Sutton was High Sheriff of Surrey in 1796–7, and commissioned with the rank of major in the 2nd Royal Surrey Militia in 1797; and supported the Pitt administration against a Whig petition at a Surrey county meeting that year. At the beginning of the 19th century, he was jointly lord of the manor of East Molesey, with Sir Beaumont Hotham, his uncle by marriage to Susanna Hankey, daughter of Alderman Hankey and sister of Jane Hankey.

Sutton rose to be militia lieutenant-colonel in 1800. He was created a baronet on 5 March, 1806. Mary Berry had dinner with Sutton and his wife on 21 September 1809. She wrote in her journal: "His conversation always remarkably sensible, and liberal-minded, and to the purpose." In the first days of the operation of the Regency Act 1811, the Duke of Clarence stated at a large dinner given by Sutton at Molesley in February 1811 that "The King is as mad as ever, but we have now shut the door and turned the key upon him."

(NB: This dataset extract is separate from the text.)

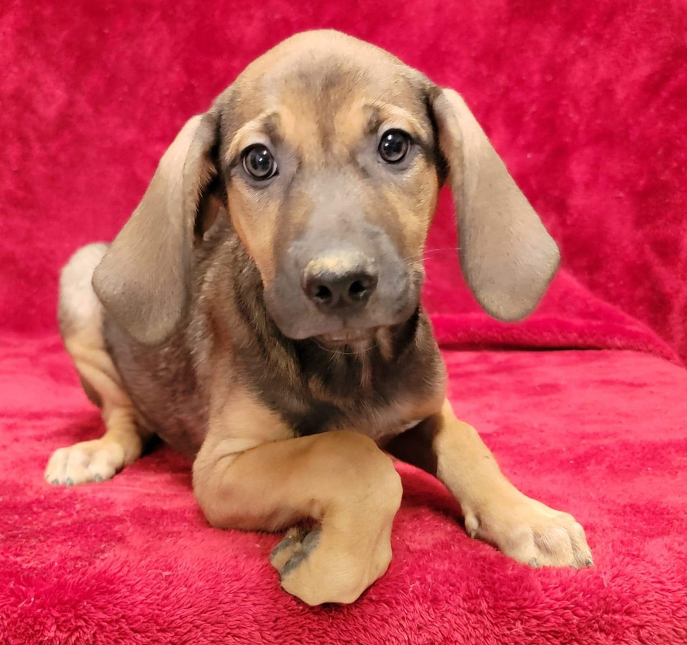 10 weeks, Hound Mix, 13lbs, Spayed female (Expected to be Around 55lbs Full Grown) If interested in adopting please read everything written below and submit an adoption application (www.socialteesnyc.org) if the pup seems like a good fit for your family. Please Note: We can not guarantee breed mix or age or full grown size, Both are an educated guess. Energy Level: Higher - As an adult will need a minimum of 90 minutes of walking/physical activity a day. Home Recommendation: Can live in the city or out of the city. Is a puppy so has the potential to be an amazing pal in the city. Wouldnt say no to the burbs. A high active household that is ready to take on the joys (and lots of hard work) of raising a puppy. These pups need adopters that have some dog experience under their belt. Adopters should be really comfortable with taking care of dogs. Should have some primary dog ownership experience or really solid fostering or dog sitting experience (of high active breeds). Should have more experience than just petting a dog on the street or growing up with a dog. Hounds are amazing dogs but thier love language is walking and outdoor adventures. So if you dont enjoy spending lots of time outside and you dont already go on frequent walks or runs - this isnt the dog for you. They are smart and require a lot of stimulation, exercise and training. Adopters will need to be ready to spend a considerable amount of time and energy doing training - we are huge fans of professional training. Her foster says: Eggplant has been such a joy. She is super silly and playful at times (army crawling on soft carpets, extreme zoomies in private outdoor spaces where she can run, pouncing on her toy when we play fetch), but she also loves to nap and cuddle (passes out pretty quickly, easily falls asleep in my arms/on my lap/leaning against me). She loves everyone she meets and will let anyone pick her up / hold her. She loves constant attention - will bark if she wants to play and no one will entertain her. She doesnt seem to love the city - gets nervous on sidewalks and jumps every time she hears a truck or loud noise. When on the street, I have to pull her on the leash to get her to walk so her confidence will need some time to show through. In a private outdoor space, she will walk confidently and quickly. She loves to play with her chew toys, but also likes to chew on anything she can get her paws on. She is food-motivated - already taught her "come" after 2 days. Working on the potty training - doesnt seem to understand the pee pads quite yet and prefers to pee on grass over the hard sidewalk. Ive been having her spend nights in a crate or playpen - she cries for a minute, but quickly falls asleep and has no accidents overnight. Overall, I love Eggplant and anyone would be EXTREMELY LUCKY to have her join their family. What is a hound? Hounds were originally bred as the first hunting companions. There are many different kinds, and all are smart and high energy. Many are known for their ability to track by scent, and they have a reputation for being stubborn and willful they were bred to think and act independently out on hunts, so learning how to efficiently communicate with your hound can make or break your relationship. They are also known for their curiosity. We cant think of another breed more excited to get out and walk and sniff for hours. What does owning this dog entail?: Tons of socialization, exercise, and mental stimulation is crucial. This dog is considered a working breed since their original purpose was to do a job. Its going to be very important to keep this pup busy both physically and mentally -- that includes a minimum of 90 minutes of quick paced outdoor time plus potty walks every day for this high energy dog. A perfect walking, hiking, and running buddy. They can also be very stop and go walking buddies sometimes because of that crazy nose of theirs, so some hounds require extra leash training -- they literally want to stop and smell every little thing. They are also quick to take off if they catch a scent, so you have to be extra careful with hounds off leash because they will disappear if you havent done enough recall training with them -- or even if you have sometimes, their instincts just take over. We strongly recommend not having them off leash in an unenclosed area. Hounds are excellent snugglers in our experience, and they are great dogs for active outdoorsy people. Heads up they tend to have high prey drive, which means adults are often quick to go for small animals like squirrels and cats. We strongly recommend a basic training course to get a more solid feel for this pups individual needs and how to best communicate with each other. A well trained and exercised dog is a happy dog. Personality: Life of the party. Puppies this young are pretty similar to one another. Think lots of energy, equal amounts of napping. A zest for human connection and the potential to be incredible dogs with lots of training, routine and guidance. Puppies are incredibly loving and sweet. They just need lots of help learning how to be good boys and girls. Please note that a puppy this young is in the easiest stage of its puppyhood. Adopters should be ready for challenges and ready to put serious time, money and effort into training as the puppy grows into an adult House Trained: These pups have started their DAPP vaccine series. They currently arent ready to hit the streets so they are relying on pee pads at this time. Its important to be ready for lots of clean up on aisle PEE. Consistency, praise and patience are the ingredients to house training puppies. Separation Anxiety & Leash Manners: On par for age. Learning to self soothe. Cries for a few minutes when left alone. Due to vaccine status isnt allowed to walk outside yet: will need to learn how to leash walk. Cuddle Factor: High - puppies are usually gluttons for affection and skin to fur contact lol Mouthiness: Medium to High - this puppy is just e

Standing in the two-member Surrey constituency in 1812 general election, Sutton was backed by Sir John Frederick, 5th Baronet, another Surrey Militia officer, and Viscount Cranley. He hoped to keep out the radical Sir Thomas Turton, 1st Baronet. He was standing as a friend of Lord Liverpool, and his main concern before letting his name go forward was that the 11th Duke of Norfolk, a proponent of Catholic rights, would fund Turton's campaign. In the event, known as an associate of Lord Moira and with the approval of George Spencer, 2nd Earl Spencer, he was comfortably elected in second place, behind the Tory George Holme Sumner, ahead of Turton backed by Sir Joseph Mawbey, 2nd Baronet and Sir Mark Wood, 1st Baronet. In parliament in 1813 he opposed Catholic relief while the Napoleonic Wars continued.

==Family==
Sutton married in 1790 Lucy, daughter of Thomas Assheton Smith (1752–1828). They had two daughters. The baronetcy became extinct on Sutton's death on 6 November 1813. Of the daughters, Lucy married George Berkeley. The other daughter, Caroline Mary Selina (Carolina), married in 1816 Angelo D'Ambrosio (1774–1822), a Neapolitan general and diplomat, who participated in the 1820 revolution.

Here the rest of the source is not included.